> [RECORDS FOR PROCESSING]
--
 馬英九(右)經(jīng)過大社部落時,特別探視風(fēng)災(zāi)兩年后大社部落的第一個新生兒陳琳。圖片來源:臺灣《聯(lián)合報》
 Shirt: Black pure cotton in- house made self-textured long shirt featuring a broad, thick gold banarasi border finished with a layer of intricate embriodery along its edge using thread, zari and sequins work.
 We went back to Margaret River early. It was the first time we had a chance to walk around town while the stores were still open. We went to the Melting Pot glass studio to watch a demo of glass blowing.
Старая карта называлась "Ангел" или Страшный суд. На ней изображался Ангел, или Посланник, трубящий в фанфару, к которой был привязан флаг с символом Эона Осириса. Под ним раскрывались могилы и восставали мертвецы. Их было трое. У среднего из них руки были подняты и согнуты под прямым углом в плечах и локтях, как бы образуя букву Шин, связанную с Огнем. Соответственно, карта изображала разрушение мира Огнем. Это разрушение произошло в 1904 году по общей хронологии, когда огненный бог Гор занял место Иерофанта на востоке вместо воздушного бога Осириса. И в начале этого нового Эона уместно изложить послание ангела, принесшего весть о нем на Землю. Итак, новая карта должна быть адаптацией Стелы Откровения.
--
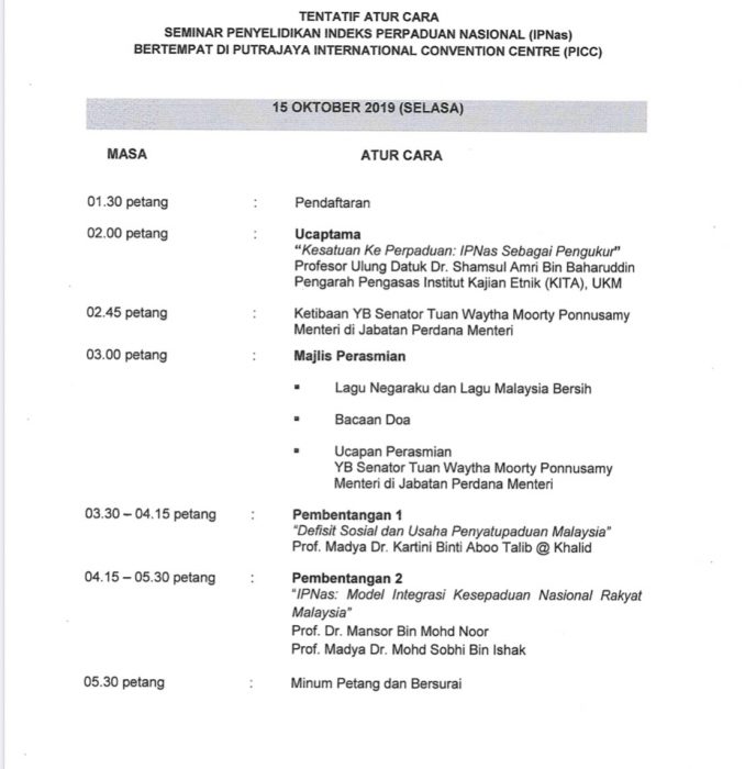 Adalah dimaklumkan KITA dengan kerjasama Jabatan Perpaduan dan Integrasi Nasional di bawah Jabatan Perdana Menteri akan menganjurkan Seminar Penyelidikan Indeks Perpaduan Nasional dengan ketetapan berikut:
--
> [DIRECTIONS FOR THIS TASK] Please reproduce the lines from the line with "馬英九(右)經(jīng)過" to the line with "Shirt: Black pure", both ends included, exactly as they appear above.

> [SOLUTION]
 馬英九(右)經(jīng)過大社部落時,特別探視風(fēng)災(zāi)兩年后大社部落的第一個新生兒陳琳。圖片來源:臺灣《聯(lián)合報》
 Shirt: Black pure cotton in- house made self-textured long shirt featuring a broad, thick gold banarasi border finished with a layer of intricate embriodery along its edge using thread, zari and sequins work.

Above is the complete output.